Let’s talk for a moment about the idea of something beyond this earthly life; something beyond flesh and blood. We might be talking about an afterlife or a different dimension or a spiritual plain. Just something else. And it’s a “something else” which we might occasionally catch a glimpse of or feel a connection to, even as we go about our ordinary daily lives. I’m talking about a quality beyond our understanding.
Oh, come on. Humour me for a minute.
I’m going to zero in now on what I see as the very essence of this different dimension, this spiritual plain, this indefinable “whatever”. It’s this essence, this quality, which I believe we DO indeed catch a glimpse of from time to time. It is an essence, a quality, which certain folk might think of as “the supernatural” while other people might recognise it quite simply as God.

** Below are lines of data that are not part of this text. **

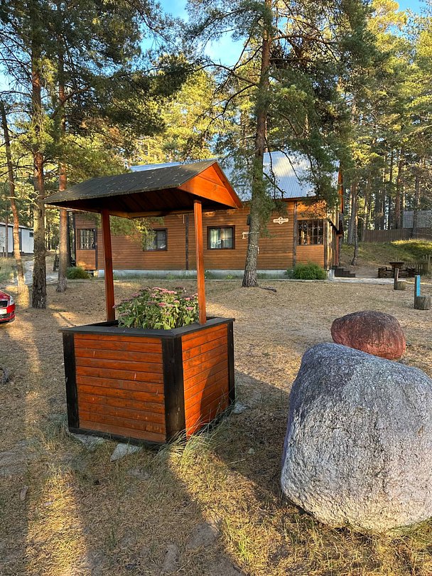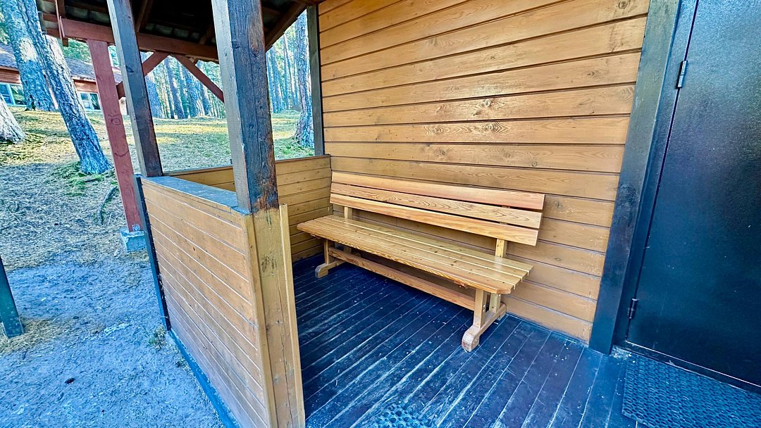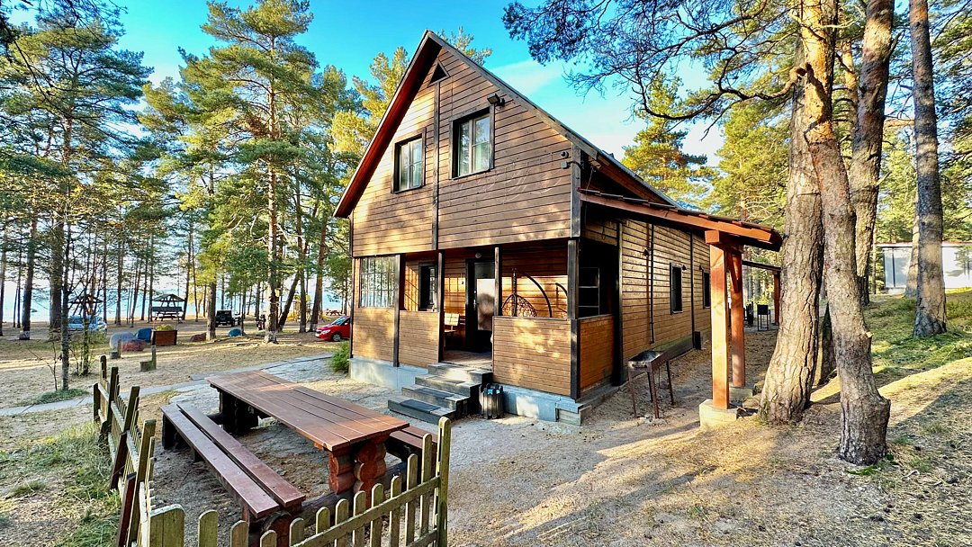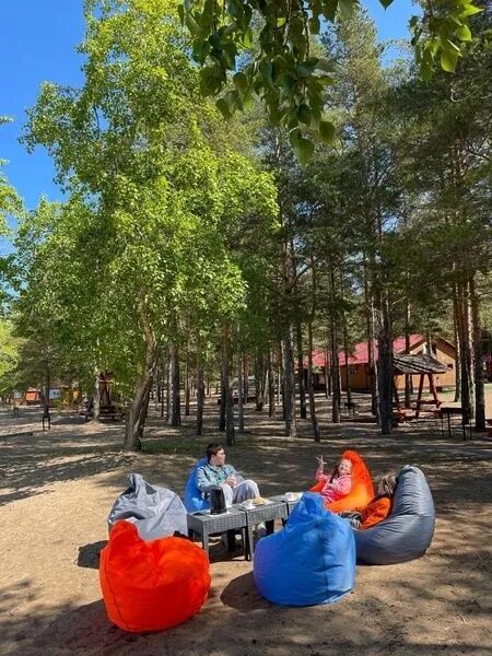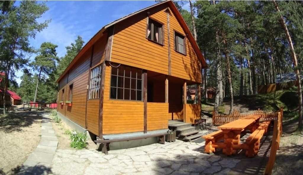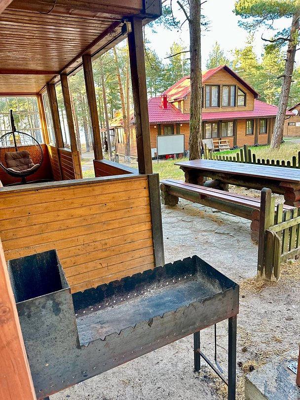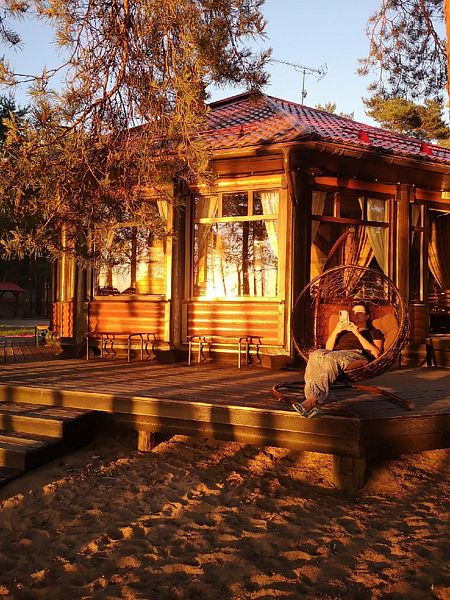 Семейный отдыхДостоинстваЗдесь домики-срубы из древесины, есть душ и туалет, кровать мягкая и большая, по телевизору показывают все каналы. Но телевизор смотреть некогда, на территории есть места для занятий спортом и спортивных игр, у каждого домика стоит стол или беседка - зона барбекю, мангалы бесплатные. Запах хвои и леса улучшает самочувствие.
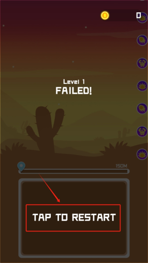 4、最后,重新开始游戏。如果游戏失败,点击“TAP TO RESTART”按钮重新开始当前关卡。
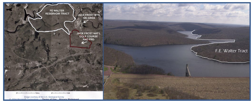 The FE Walter Reservoir Tract is 2,500 acres of unimproved land. Located in the Pocono Mountains of Pennsylvania 2.5 miles from the Northeast Extension of the Pennsylvania Turnpike exit 95 at its intersection with Interstate Route I-80 exit 278. This tract has access through other lands of Blue Ridge Real Estate (Jack Frost National Golf Course Planned Residential Development Tract). This property is 2 hours from New York City and 1.5 hours from Philadelphia, Pennsylvania. The property is zoned for recreation and resort commercial.
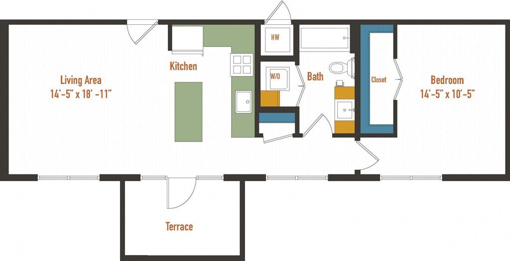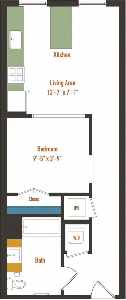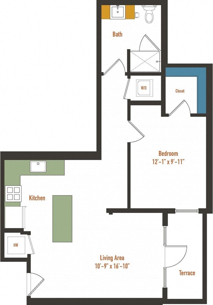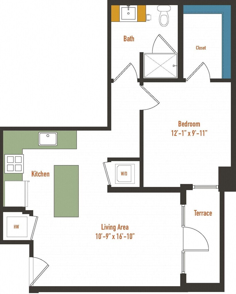 JR 1A - Floorplan 1 Apartment Unit: 419Apartment Model: JR 1A$1,9751 Bedroom, 1 Bath, 563 sq ftAvailable Now![]()
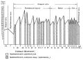 Рис. 40. Физиологическая кривая пульса во время урока гимнастики (пульс подсчитан до начала и после каждого упражнения основной части урока)
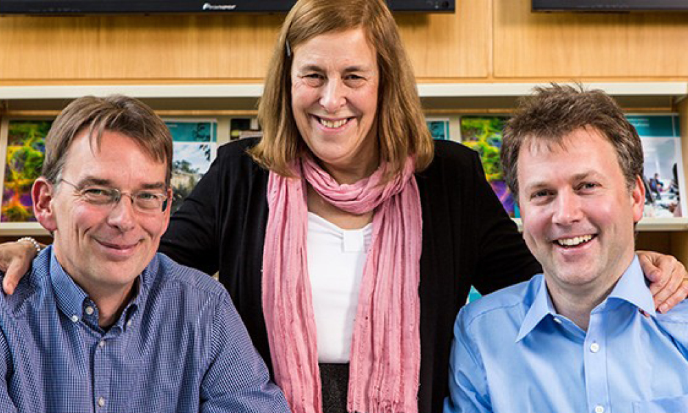 (L-R) Rolf Apweiler, Janet Thornton, and Ewan Birney in 2015. Credit: Jon Mold/EMBL
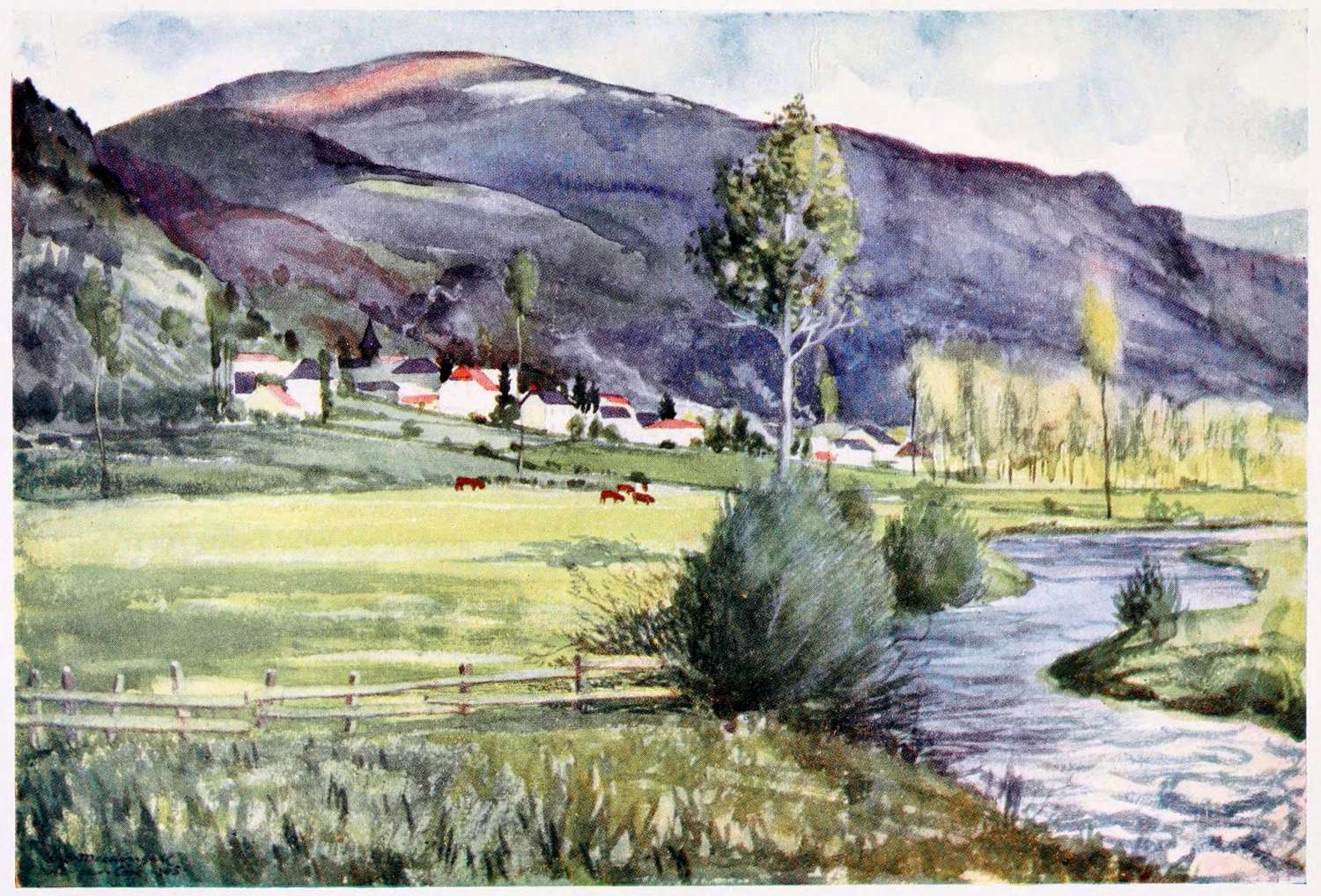 The hills do not rise sheer from the bottom, as in Switzerland. Innumerable landslips have torn their sides which, at periods of great distance, have fallen away from the cliff, heaping the ground with vast swellings and ridges, in much romantic confusion. Even to-day, these landslips continue, and the aspect of the country is slowly but continually transformed. Covered with beechwood or heather near the heights, green with pasture lower down, these ledges and terraces lead the eye to the valley bottom, which itself is never flat, but cradle-shaped. And therein lies the small winding river of the Cère.{6}

Hippies who have enjoyed one too many tubes of Smarties might call it fairydust.
Setting aside for a moment its unfortunate connection with television magicians like Paul Daniels, we might call this thing “magic”.
Hence, we might talk about having had a magical experience – something above and beyond the ordinary.
Now, let’s be clear. This is not the magic of pulling rabbits out of a hat or making doves appear from your sleeve. That is conjuring and trickery and sleight of hand. Nor am I talking about the magic of Harry Potter, of wizards and the fantastic creations of an author’s imagination. No, I am talking about a “something else” which we might sometimes become aware of but which we simply cannot put into words, a feeling that THIS is not all there is, a feeling that perhaps there is meaning to this universe after all, a purpose to our lives, that we are right to believe in love and hope and redemption.
You see . . . .
I’m quite keen on the idea of a magical dimension.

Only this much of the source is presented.